# Do you keep pigs with other livestock?



## RamblingCowgirl

If we got any right now it would be a few feeder hogs. And they would have a large wooded area with a pond and shelter, eather to them selfs, or with a few horses. But I think I'd like to bred hogs at some point. Just a few pairs of a rare/uncommon breed. Like Herefords or Choctaws. And If I did that they would get mixed in with goats, sheep, geese...and who knows what else. Is it safe to keep them with smaller livestock?


----------



## Beekissed

If the hogs can catch the poultry and waterfowl, they WILL eat them.  In a free range situation you may only lose a few but they will eat a chicken or duck just as fast a dog will.  My sis tried to free range her large blacks with her horses and cattle but one of the horses kicked the boar and really hurt him...made him lame for awhile.  

A pig will also prey upon newborn animals if the mother can't protect them~just depends on the pig and their individual nature or propensities.


----------



## ksalvagno

I would not keep pigs with any other livestock. They can really do some damage.

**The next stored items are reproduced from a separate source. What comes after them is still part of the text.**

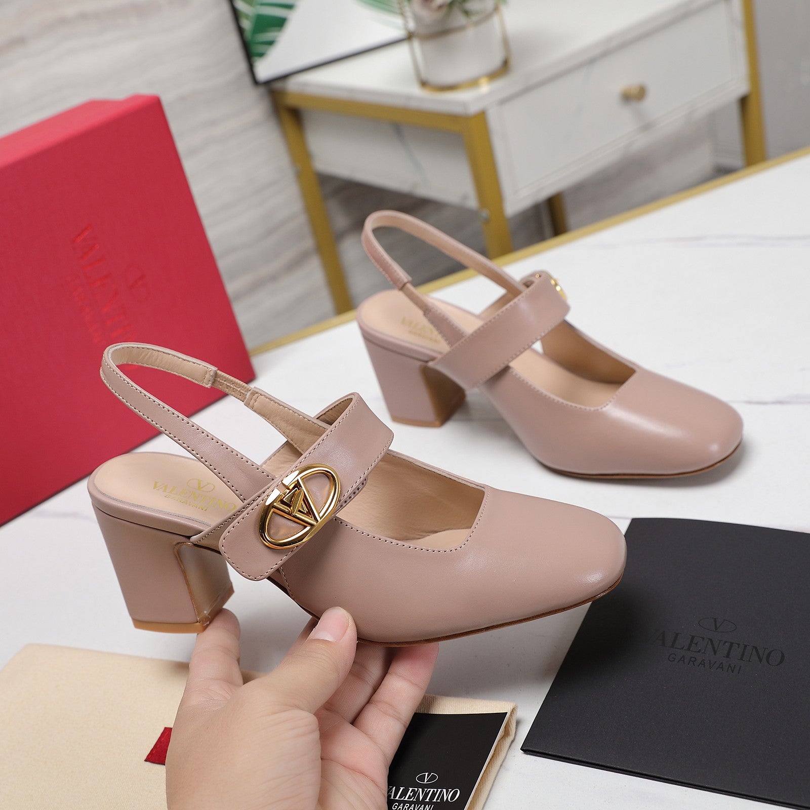 The Bold Edition Vlogo Slingback 65 Deep Mouth Half Drag Heels Rose Cannelle Calfskin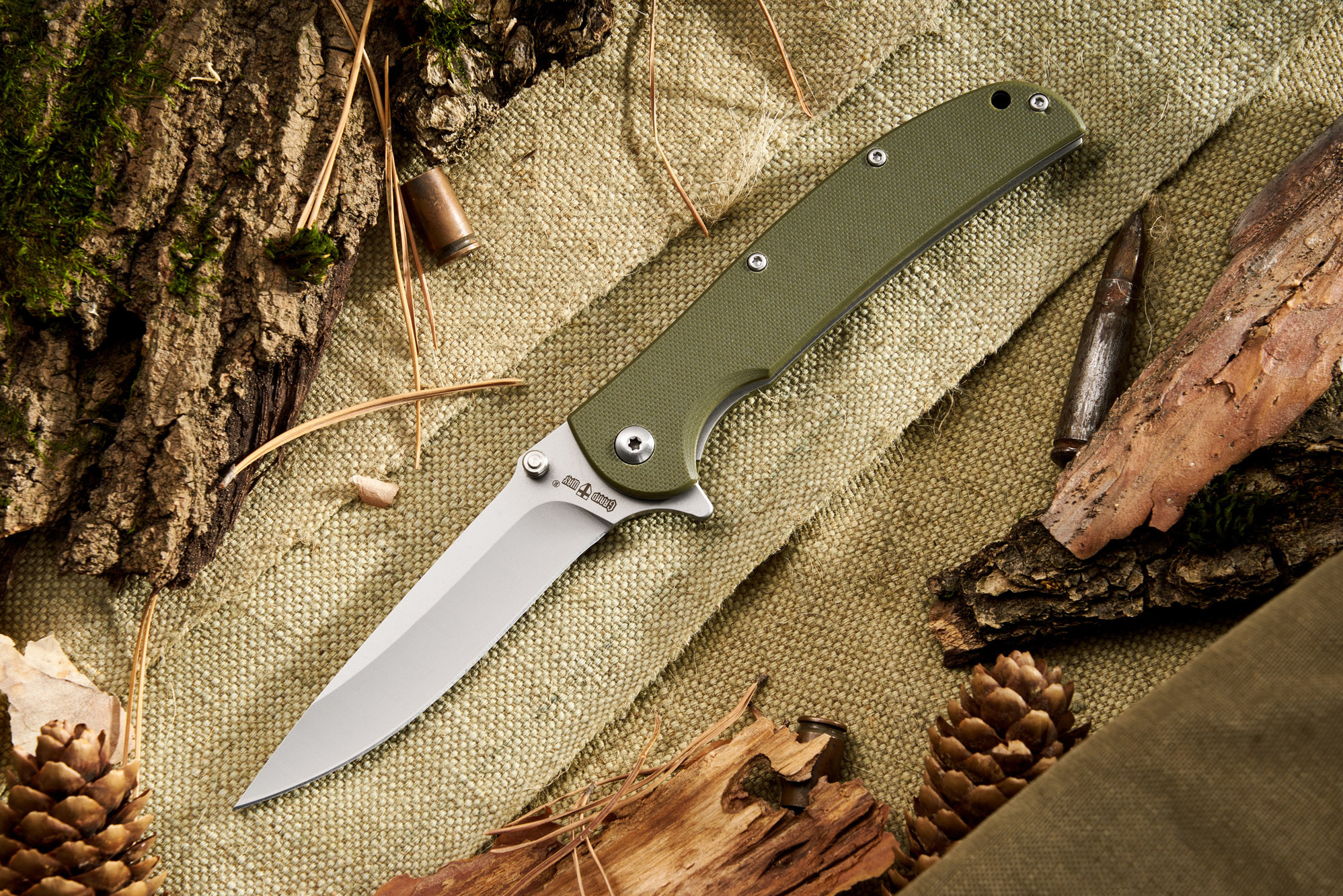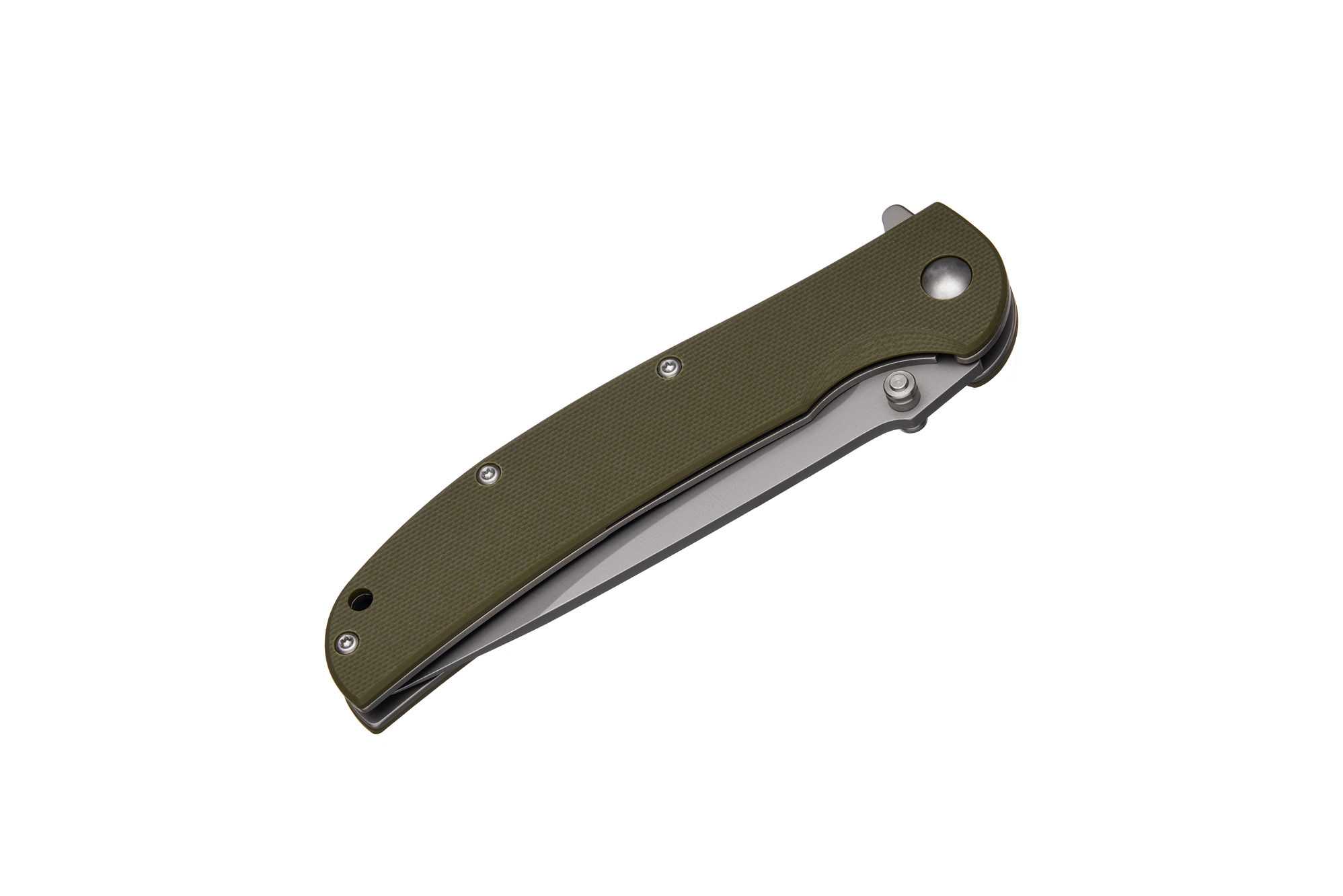 - накладки руків'я із стійкого композиту G10 зеленого кольору не тільки виглядають привабливо та надають ножу элементи тактичного дизайну, але й помітно збільшують зчеплення рукояті з долонею,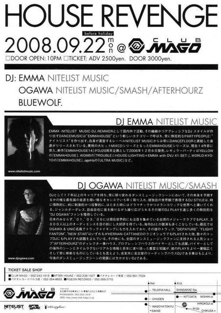OPEN&START 21:00 前売り¥2,500(Drink別¥500)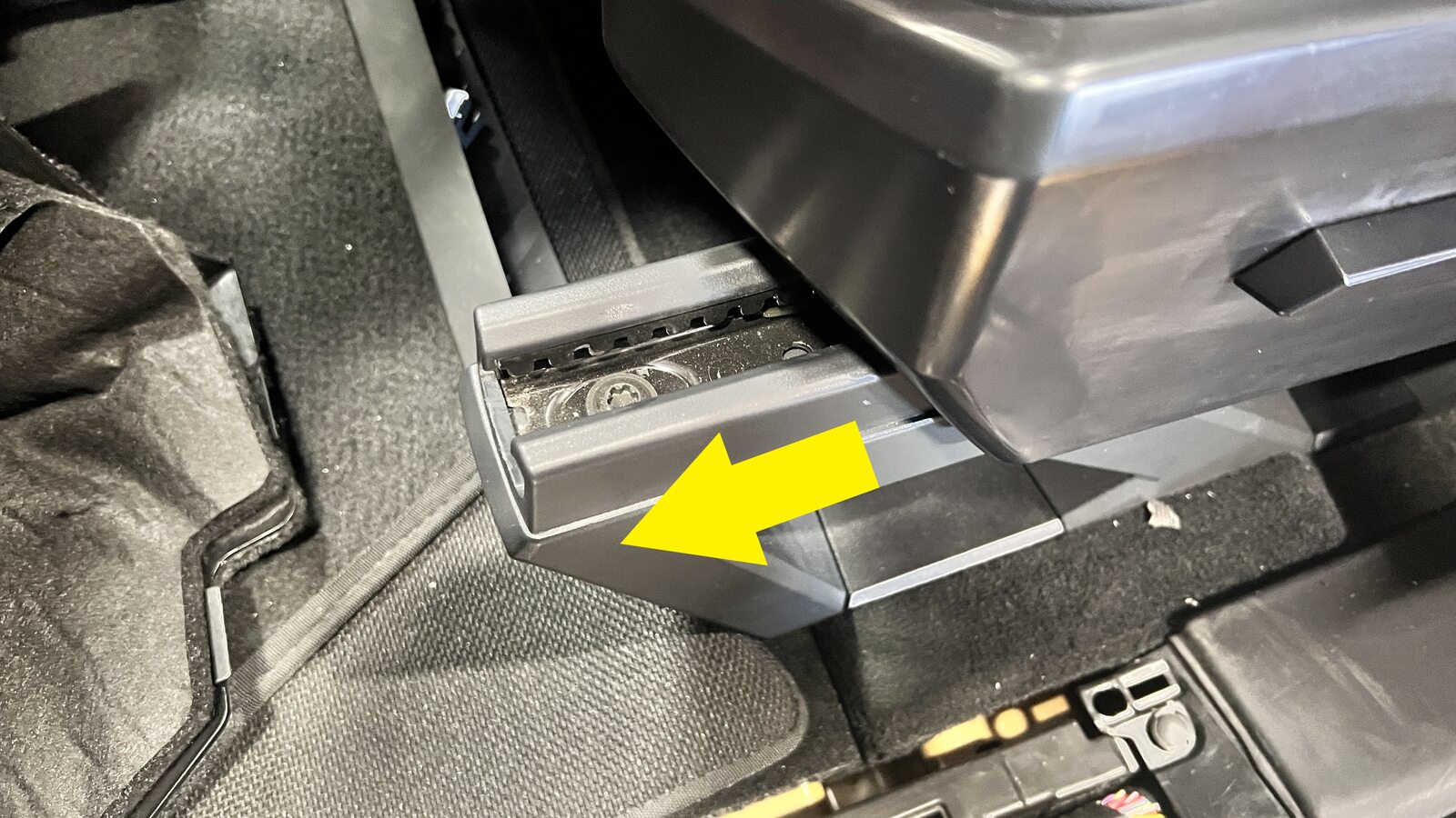 Faites glisser le couvercle du rail de siège vers l’avant pour le libérer du rail de siège, puis retirez le couvercle du rail du siège.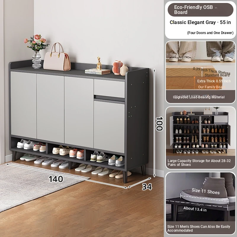 Super Load-Bearing [Solid Wood Ecological Board★Four Doors and One Draw] Mist Gray + Gold Elegant Gray 55.12in-12.60in-39.37in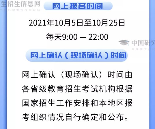 全国硕士研究生招生考试报名包括网上报名和网上确认(现场确认)两个阶段。网上报名工作安排在10月5日至10月25日(每天9:00-22:00),预报名工作安排在9月24日至9月27日(每天9:00—22:00)。所有参加全国硕士研究生招生考试的考生均应当按照有关省级教育招生考试机构的规定,在其指定的报考点办理网上报名和网上确认(现场确认)手续。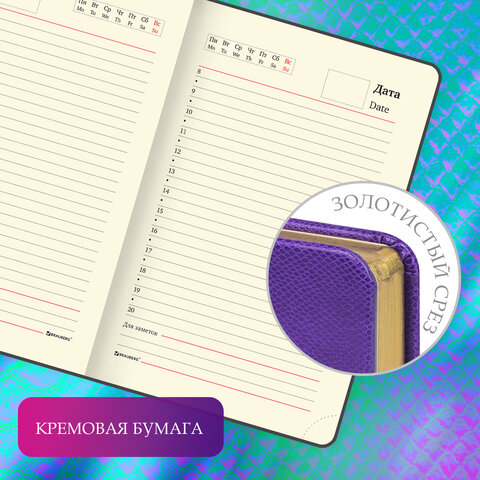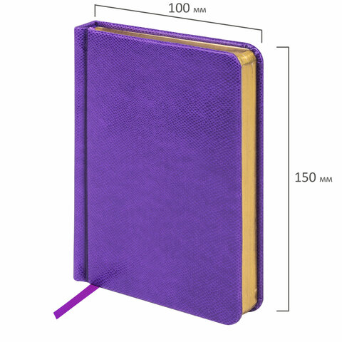 Ежедневник недатированный МАЛЫЙ ФОРМАТ 100x150 мм, А6, BRAUBERG "Iguana", под кожу,160 л., сиреневый, 114470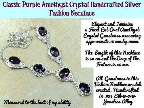 Classic Purple Amethyst Crystal Handcrafted Silver Fashion Necklace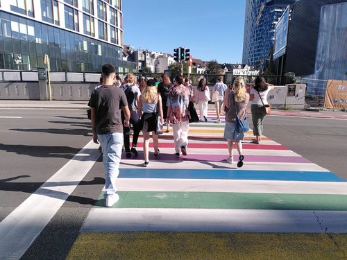 Nachmittags hatten wir eine Stadtführung von L-Tours, die Lesben- und Regenbogentouren und Veranstaltungen organisieren, um die Geschichte der Brüsseler LGBTQ+ -Community mit der Hilfe von queeren Menschen und Organisationen zu fördern und in die Welt zu tragen. Marian Lens, die unsere Führung leitete, ist selbst als Jugendliche in den 60ern vom Land vor der dortigen Lesbenfeindlichkeit geflüchtet und konnte zu allen Orten, die wir während der Tour besuchten, von ihren eigenen Erfahrungen erzählen. Zum Beispiel zu vielen ehemalige Lesbenbars, heutzutage gibt es im Gegensatz etwa nur noch eine Lesbenbar außerhalb des Stadtkerns, jedoch aber sehr viele Schwulenbars innerhalb des Stadtkerns, und dem „Rainbow House“ (Regenbogenhaus), welches den Mittelpunkt für LGBTQ+ Organisationen und Veranstaltungen ist, wo sie auch selbst als Aktivistin tätig ist.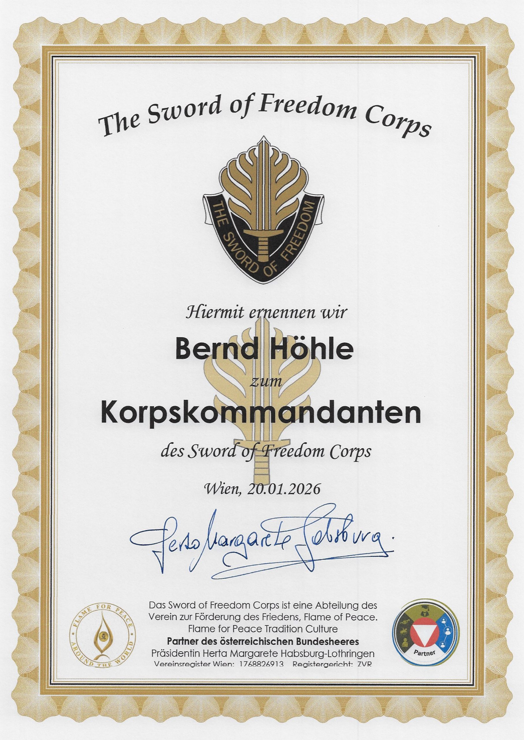 The Sword of Freedom – Corps (SOF-Corps) ist eine international tätige, operative Abteilung des Vereins „Flamme des Friedens – Verein zur Förderung des Friedens e.V. ( Flame of Peace Tradition & Culture)“, einer Organisation, die sich weltweit für Frieden, Humanität, soziale Gerechtigkeit, kulturelle Verständigung und nachhaltige Entwicklung einsetzt. Der Verein zur Förderung des Friedens e.V. ist offizieller Partner des Österreichischen Bundesheeres. Innerhalb dieser Struktur fungiert das SOF-Corps als praxisorientierte Einsatz- und Projektplattform, die ideelle Ziele in konkrete Maßnahmen überführt. Während der Dachverband vor allem repräsentative, diplomatische und kulturelle Initiativen fördert, übernimmt das SOF-Corps die Rolle einer handlungsfähigen Einheit für humanitäre, soziale, pädagogische und sicherheitsrelevante Aufgabenfelder.

Not to mention that ruminants can get salmonella from them.


----------



## dwbonfire

i strongly advise against keeping them with ANY other animals. even though a horse is much bigger, a pig can still do alot of damage to one, nevermind a smaller more defenseless animal. someone on here or BYC shared a story about thier horse getting hurt by a pig. i have also learned the hard way with pot bellies and sheep. ill spare you details unless you search for the thread where i described what happened. many people shared similar stories. good for you for asking first, i wish i had. but please take the advice serious and keep them seperate from all your animals!
good luck with your piggies!


----------



## bheila

I do not recommend keeping other animals with pigs. They have different needs as other animals and can be very distructive. I've had friends whose pigs have killed their chickens and goats. Our pigs have never killed any of our chickens who sneak in the pigs pasture but I would never knowingly keep them together.


----------



## Cornish Heritage

Well I have to politely disagree with you all & I think breed of pig makes a HUGE difference. We have Large Blacks here along with St. Croix sheep, turkeys, chickens, geese & Milking Devon Cattle. Although we have several pastures there are Large Blacks in them all & the only thing they will do once in a while is eat a chicken. Some pig breeds we have had before were awful chicken killers but it is very rare a Large Black will kill one. Once we see it we move the offending pig to a pasture away from the chickens to discourage the habit! Apart from that our pigs have never injured another animal, ever.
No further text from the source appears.